Content starts

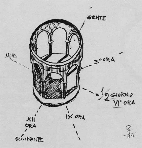 L'Iconografia Rateriana che pone chiaramente il lato orientale a destra di chi guarda, mette in piena luce lo parte funzionale dell'orologio solare: i quattro archi visibili della loggia "Organum".Ogni arco, come dicemmo, determina l'ora quaternaria composta di tre ore temporali, pertanto nel settore od arco rivolto ad oriente viene letto il primo orario, ossia l'ora terza, mentre nel secondo arco si rileva lo sesta ora che chiude con lo colonna centrale, mentre continuando troviamo lo nona ora e nell'ultimo arco seminascosto lo successiva dodicesima, che chiuderà il ciclo col tramonto solare.
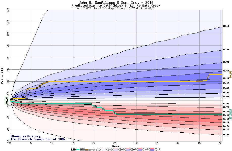 The high to date and low to date prices of the stock plotted against a random walk model for 2016 (what's this?).
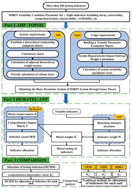 According to the above analysis, this paper adopts the MCDM method for application to the testability modeling and allocation of a MIRFS, so as to meet the testability of the whole life process of the MIRFS. Therefore, a testability allocation method based on MCDM is proposed, as shown in Figure 1. This method is mainly divided into two parts. The first part is to screen a large number of testability indicators to obtain the MIRFS basic parameter framework. The second part is to establish a MIRFS testability allocation model and allocate testability indicators to the parameters in the basic parameter framework obtained in the first part to verify the rationality of the allocation model.
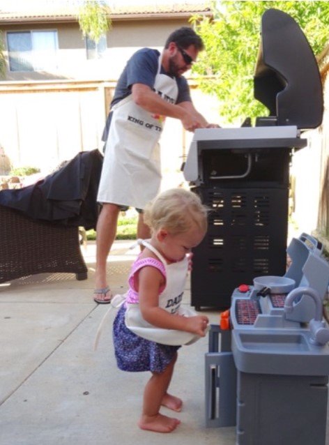 These aprons were a hit! My hubby couldn’t wait to try them out, and our little one was so excited to grill with her Daddy.
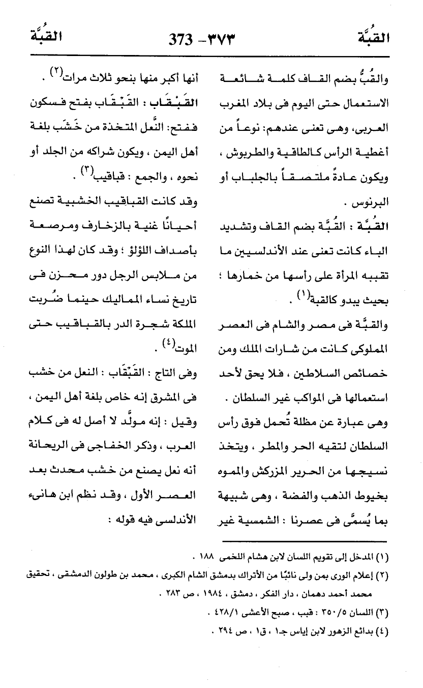 (¬3) اللسان 5/ 350: قبب، صبح الأعشى 1/ 428.
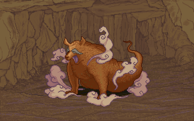 當年古月聖厚著臉說著要加入隊伍的時候我還以為他有多厲害,沒想到被石獅精吼一下就不支倒地。大家還得七手八腳地把他抬回客棧養傷。
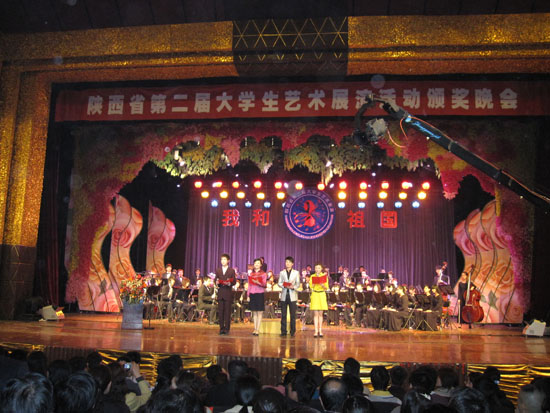 (本网讯)陕西省第二届大学生艺术展演活动闭幕式于3月26日晚在古都新世纪大酒店隆重举行。万象城平台,万象城(中国)一站式服务平台党委副书记丁养斌、西安工大艺术与传媒学院院长于唯德、党总支书记曹玉玲和部分获奖学生代表应邀参加了闭幕式。
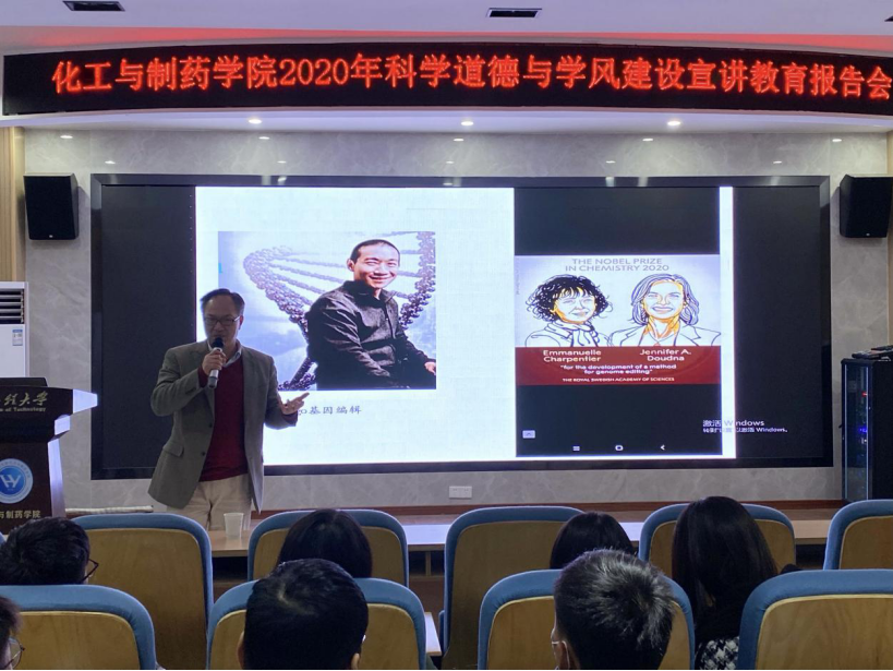 本网讯(通讯员 周雅琪)为深入学习贯彻习近平总书记关于科学道德和科研诚信建设重要指示精神,贯彻落实《关于进一步加强科研诚信建设的若干意见》《关于进一步弘扬科学家精神加强作风和学风建设的意见》,12月12日,电影天堂 在大化工楼610报告厅举办科学道德和学风建设宣讲教育专题报告会,学院副院长龙思会作专题报告。导师代表、研究生辅导员及100余名研究生参会。
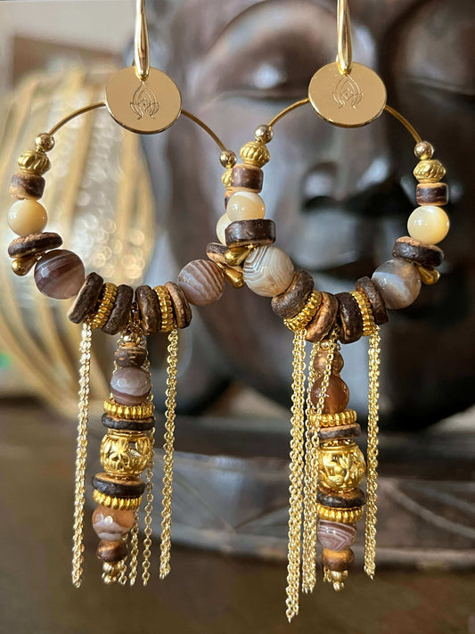 Créoles, pendants, pompons, coquillages, pierres fines...... Des boucles d'oreilles ethniques et bohèmes en matières naturelles...
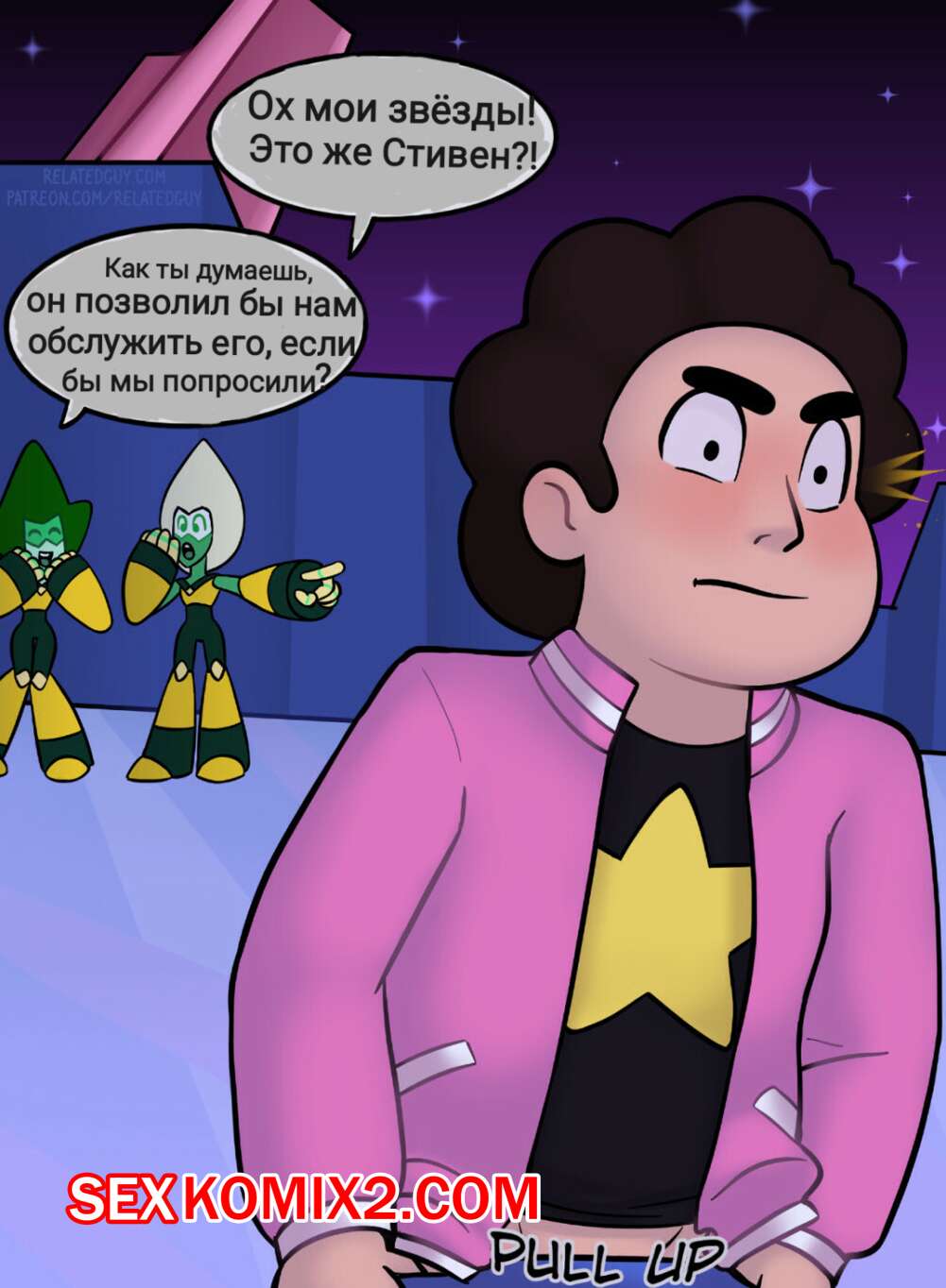 Порно комикс Сервис для Стивена Горячие сисястые красотки увидели Стивена и решили с ним повеселиться. Они разделись перед ним и дали ему себя хорошенько выебать, после чего он заполнил их пизденки спермой.
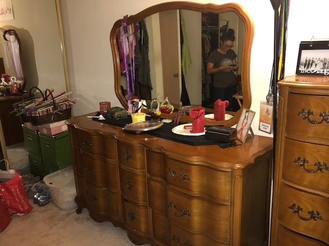 his set of from the 1950’s and is called “The Versailles Collection Patrician”, in cherry finish. The drawers are dovetailed. It’s a beautiful piece and has been one owner. Two night stands, triple dresser chest, 5 drawer and bed frame. These pieces are in excellent shape. Thank you! You
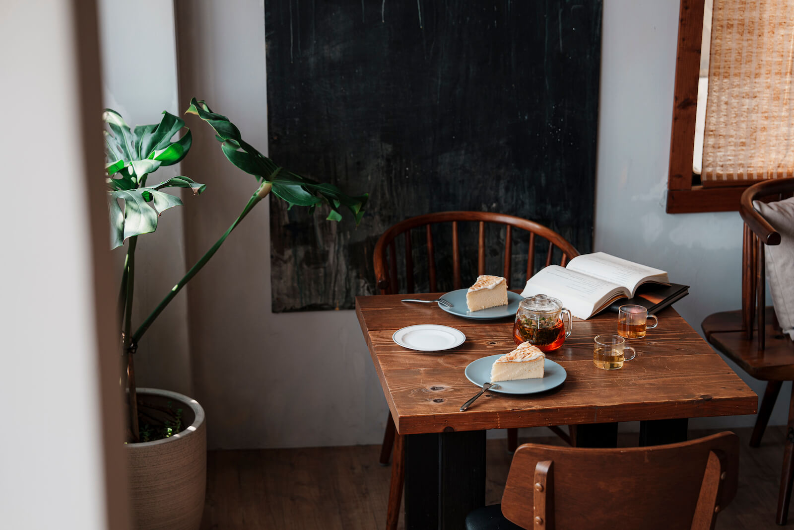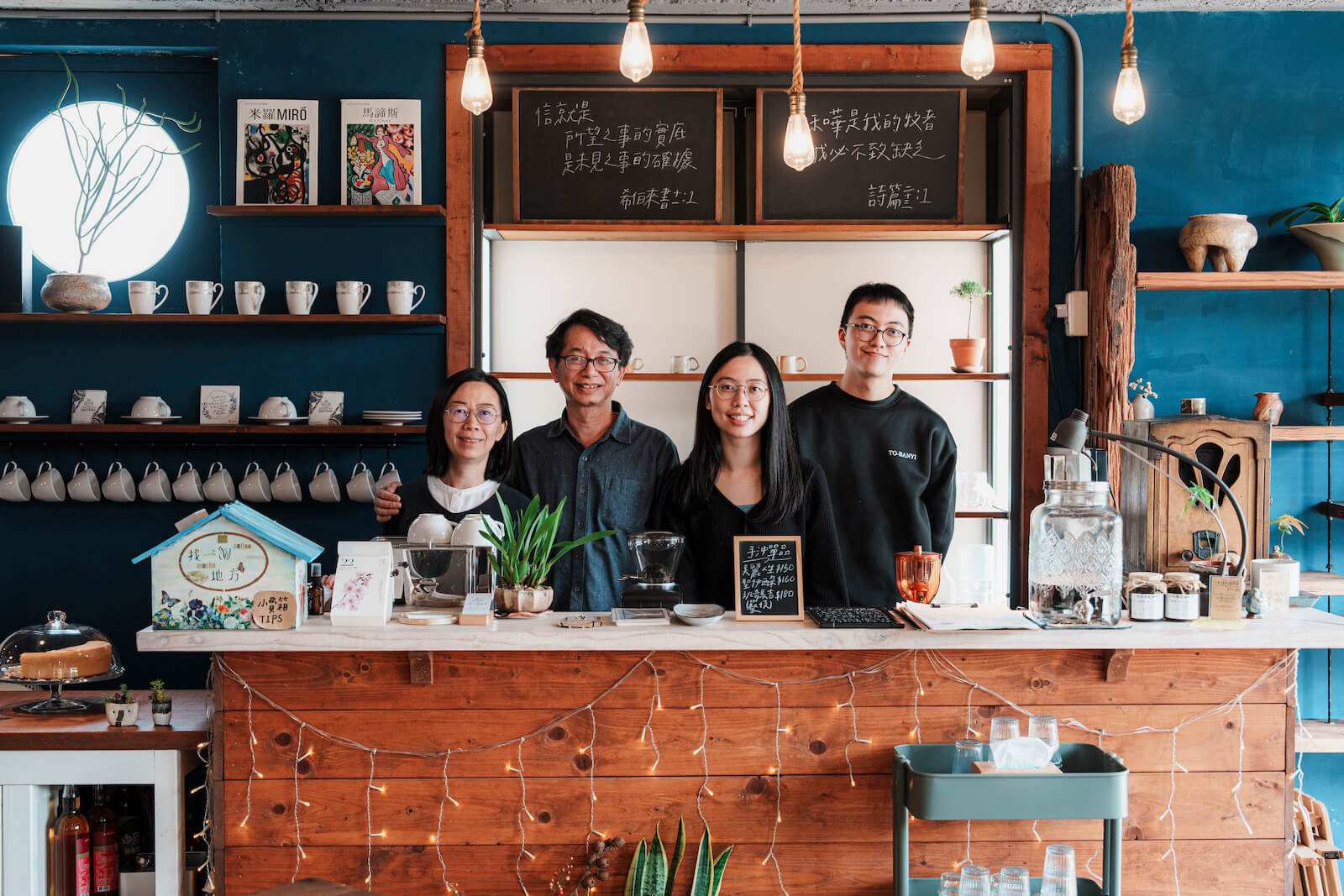 非科班出身、也無餐飲經驗的余姓一家人,秉持先做再說的浪漫,從簡單的菜單、飲品、蛋糕開始,邊學邊做,歷經幾次爭吵才終於磨合彼此的堅持,在經營的過程中整合出店內現行的流程與做法。Joyce打點店內大量綠植,思璇在各個角落擺上喜愛的小物妝點,阿哲發揮健談開朗的個性,微笑接待每位來客,即便店內忙碌也能讓客人們感覺自在放鬆。
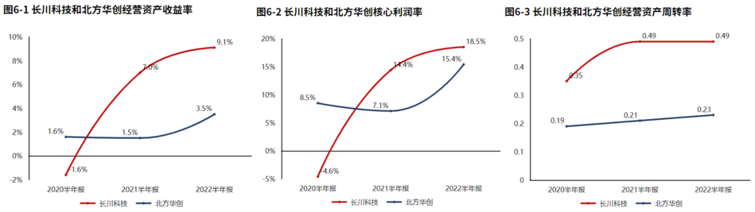 2022半年报长川科技经营资产报酬率9.14%。较2021半年报,经营资产报酬率增长2.09个百分点,增幅29.61%,经营资产报酬率有所改善。核心利润率18.50%。与2021半年报相比,核心利润率上升4.14个百分点,增幅达28.80%,经营活动盈利性改善。经营资产周转率0.49次,较2021半年报增加0.00次,增幅为0.63%,经营资产周转效率基本稳定。长川科技经营资产报酬率的改善来源于核心利润率和经营资产周转率的双重改善。
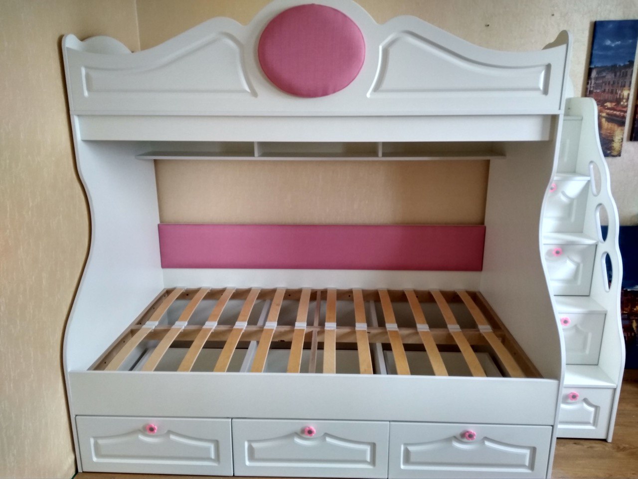 Фасад производится из высококачественного МДФ методом фрезировки. При тестировании на верхнее кроватное дно применялся груз 200 кг, а на каждую ступень лестницы 100 кг. При этом мы рекомендуем не более 80 кг (по ГОСТ 75 кг) для ежедневной нагрузки на верхний ярус только исходя из долговечности конструкции.
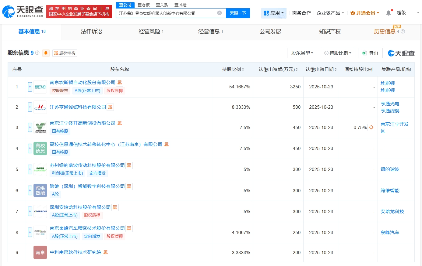 股东信息显示,该公司由埃斯顿、江苏亨通线缆科技有限公司、绿的谐波、安培龙、泉峰汽车等共同持股。
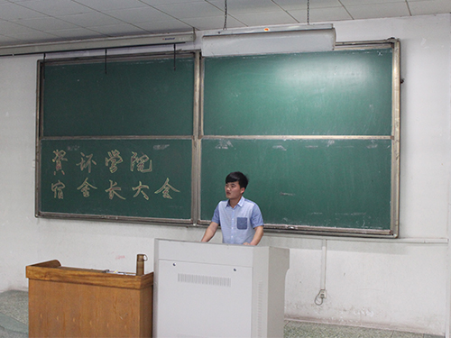 下午四点半会议准时召开,尹利振先向会议出席人员表示欢迎,再做了简单诙谐的自我介绍,缓和了会议现场的气氛。随即,他再道出此次会议相比起“大会”不如说是“见面会”更加贴切。尹利振指出,宿管委历来是员工会里规模最大的组织,是一个大家庭,因为不止是主任、副主任、楼长、干事,每个宿舍的宿舍长都在维护保持自己宿舍的同时,不自觉地参与进了宿管委的工作,所以说每个宿舍的舍长都是宿管委大家庭的一员,也正是他们的存在奠基了宿管委的大规模。同时,他也不忘强调在座各班班长、团支书的重要性。随后,尹利振又大致交代了上届宿管委的工作成绩,明确了本学期的工作目标,向在座的人员发出倡导与鼓励。在一个小时不到的时间里,会议因为尹利振的言简意赅顺利结束,会场响起阵阵掌声。
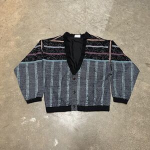 Vintage Allen Wah Cardigan Mens M Sweater Striped 90s Cotton Blend Retro
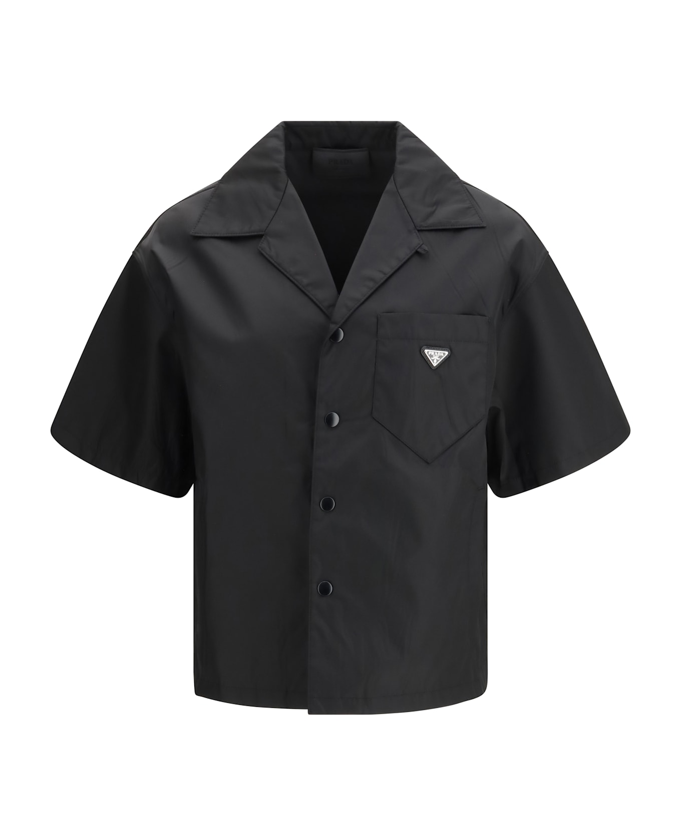 The short-sleeve re-nylon shirt by prada delivers a contemporary and conscious aesthetic, blending essential design with sustainable innovation. the relaxed fit and bowling collar create an easy silhouette, while the straight hem and classic chest pocket reinforce its clean character. a snap-button front closure and visible topstitching introduce a technical touch, finished with the iconic enamelled metal triangle. the fabric is made from regenerated nylon yarn derived from plastic waste recovered from the oceans, reflecting prada s commitment to more responsible fashion. Composition: 100% % Recycled Polyamide

Content ends

* _EXERCISE INSTRUCTIONS_: Print the data above exactly, from its first line to the line bearing "Créoles, pendants, pompons, coquillages, pierres" inclusive, and keep pictures out of the result.

* _ANSWER TO THE PROBLEM_:
 L'Iconografia Rateriana che pone chiaramente il lato orientale a destra di chi guarda, mette in piena luce lo parte funzionale dell'orologio solare: i quattro archi visibili della loggia "Organum".Ogni arco, come dicemmo, determina l'ora quaternaria composta di tre ore temporali, pertanto nel settore od arco rivolto ad oriente viene letto il primo orario, ossia l'ora terza, mentre nel secondo arco si rileva lo sesta ora che chiude con lo colonna centrale, mentre continuando troviamo lo nona ora e nell'ultimo arco seminascosto lo successiva dodicesima, che chiuderà il ciclo col tramonto solare.
 The high to date and low to date prices of the stock plotted against a random walk model for 2016 (what's this?).
 According to the above analysis, this paper adopts the MCDM method for application to the testability modeling and allocation of a MIRFS, so as to meet the testability of the whole life process of the MIRFS. Therefore, a testability allocation method based on MCDM is proposed, as shown in Figure 1. This method is mainly divided into two parts. The first part is to screen a large number of testability indicators to obtain the MIRFS basic parameter framework. The second part is to establish a MIRFS testability allocation model and allocate testability indicators to the parameters in the basic parameter framework obtained in the first part to verify the rationality of the allocation model.
 These aprons were a hit! My hubby couldn’t wait to try them out, and our little one was so excited to grill with her Daddy.
 (¬3) اللسان 5/ 350: قبب، صبح الأعشى 1/ 428.
 當年古月聖厚著臉說著要加入隊伍的時候我還以為他有多厲害,沒想到被石獅精吼一下就不支倒地。大家還得七手八腳地把他抬回客棧養傷。
 (本网讯)陕西省第二届大学生艺术展演活动闭幕式于3月26日晚在古都新世纪大酒店隆重举行。万象城平台,万象城(中国)一站式服务平台党委副书记丁养斌、西安工大艺术与传媒学院院长于唯德、党总支书记曹玉玲和部分获奖学生代表应邀参加了闭幕式。
 本网讯(通讯员 周雅琪)为深入学习贯彻习近平总书记关于科学道德和科研诚信建设重要指示精神,贯彻落实《关于进一步加强科研诚信建设的若干意见》《关于进一步弘扬科学家精神加强作风和学风建设的意见》,12月12日,电影天堂 在大化工楼610报告厅举办科学道德和学风建设宣讲教育专题报告会,学院副院长龙思会作专题报告。导师代表、研究生辅导员及100余名研究生参会。
 Créoles, pendants, pompons, coquillages, pierres fines...... Des boucles d'oreilles ethniques et bohèmes en matières naturelles...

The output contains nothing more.